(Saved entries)
+===+

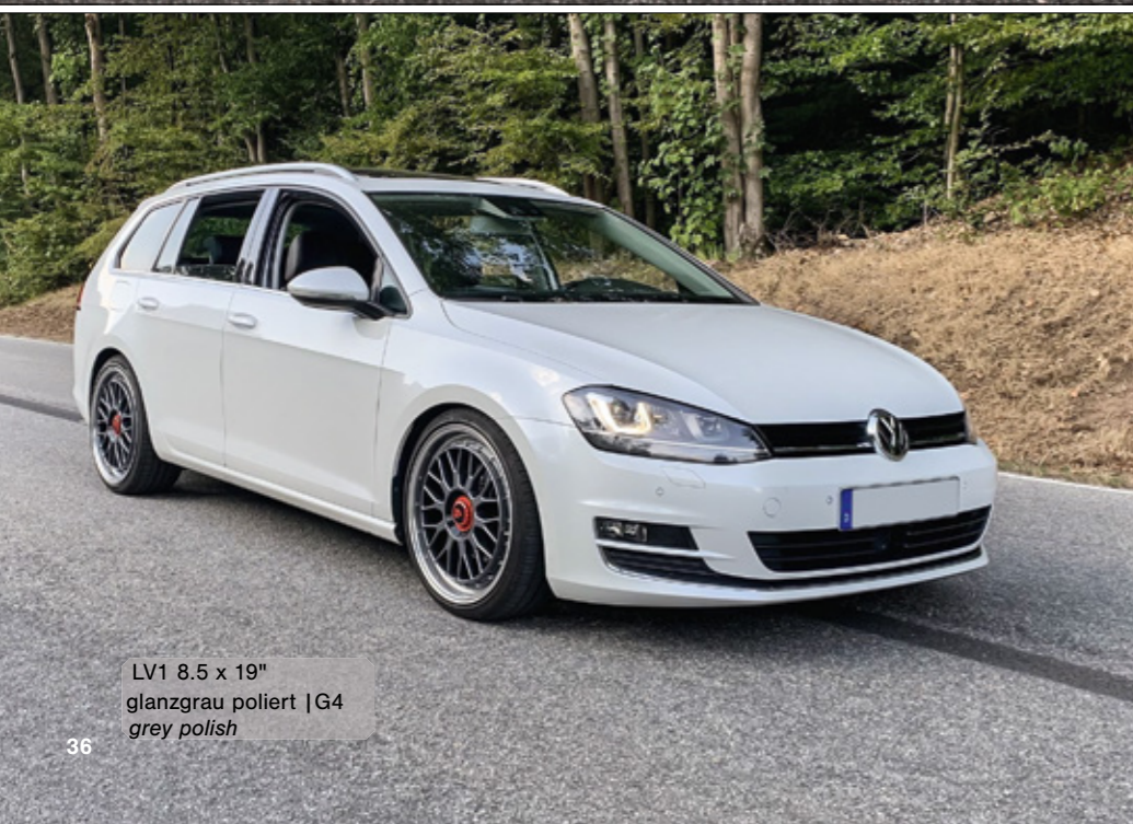
LV1 8.5 x 19" glanzgrau poliert | G4 grey polish
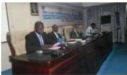
Lancement officiel du Projet

Un lancement officiel du Projet « Agroforesterie pour Améliorer la Sécurité Alimentaire en Afrique Orientale ( TREES FOR FOOD SECURITY in Eastern Africa ) » a eu lieu le 12 novembre 2014 à l'hôtel Le Panoramique.
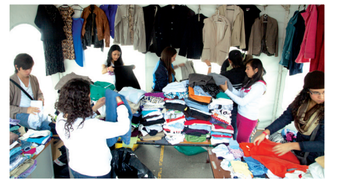
Actividad del ropero, que se hizo durante la jornada.
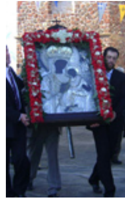
Παναγία η Μαλτέζα
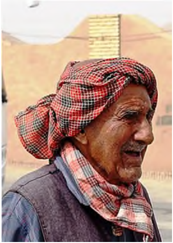
92-jarige oude lijkendrager, nu lijkenwasser
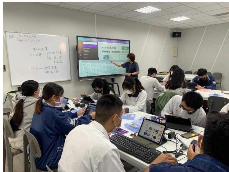
物聯網課程（資料處理科）
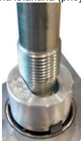
Рисунок 3 – Установка направляющего стержня в сборе с фрезой на поверхность седла клапана

Направляющий стержень в сборе с фрезой цилиндрической поверхностью стержня установить в направляющую втулку клапана, устанавливая в положение, когда режущие кромки ножей достигнут обрабатываемой поверхности седла клапана (рисунок 3).
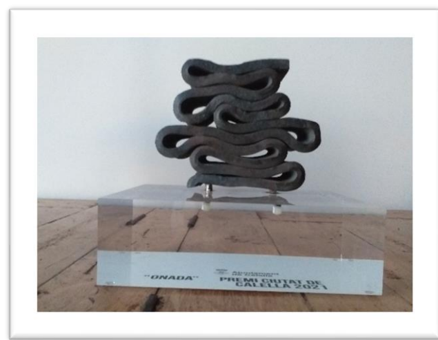
PREMI CIUTAT DE CALELLA ENTITATS 2021
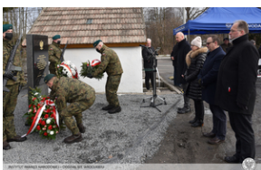
Odsłonięcie tablicy poświęconej ofiarom „Marszu Śmierci”
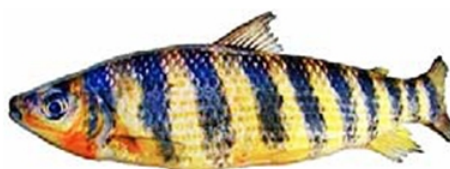
Piau (Leporinus spp.)
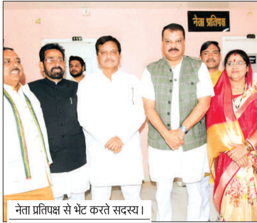
नेता प्रतिपक्ष से भेंट करते सदस्य।
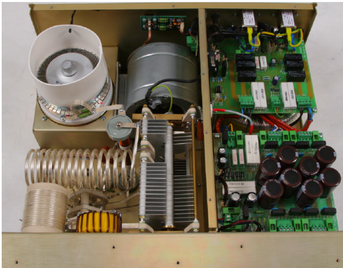
Vista da sopra ad amplificatore aperto
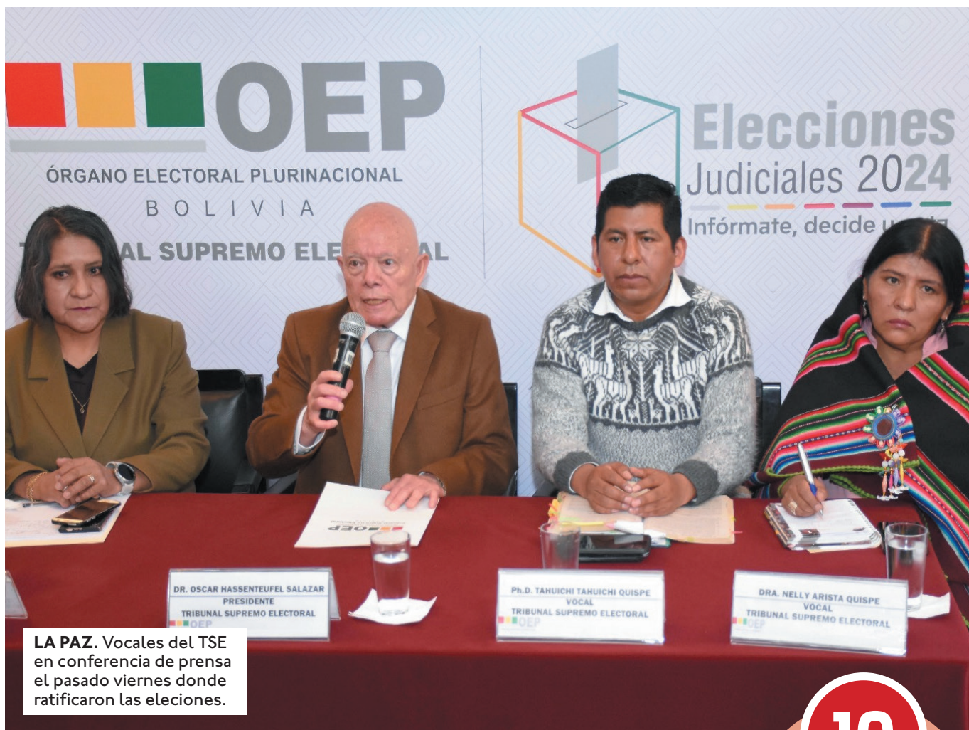
LA PAZ. Vocales del TSE en conferencia de prensa el pasado viernes donde ratificaron las elecciones.

“Esta ley corta sería una herramienta fundamental, porque nos estaría protegiendo, nos estaría blindando como Órgano Electoral. Desde 2010 hemos enfrentado múltiples ataques a la institucionalidad, como la exclusión de los vocales de la Ley 044, que regu-

+===+

### Task objective
In the records above, find every line containing the word "клапана" and show it.

### Solution to the exercise
Рисунок 3 – Установка направляющего стержня в сборе с фрезой на поверхность седла клапана
Направляющий стержень в сборе с фрезой цилиндрической поверхностью стержня установить в направляющую втулку клапана, устанавливая в положение, когда режущие кромки ножей достигнут обрабатываемой поверхности седла клапана (рисунок 3).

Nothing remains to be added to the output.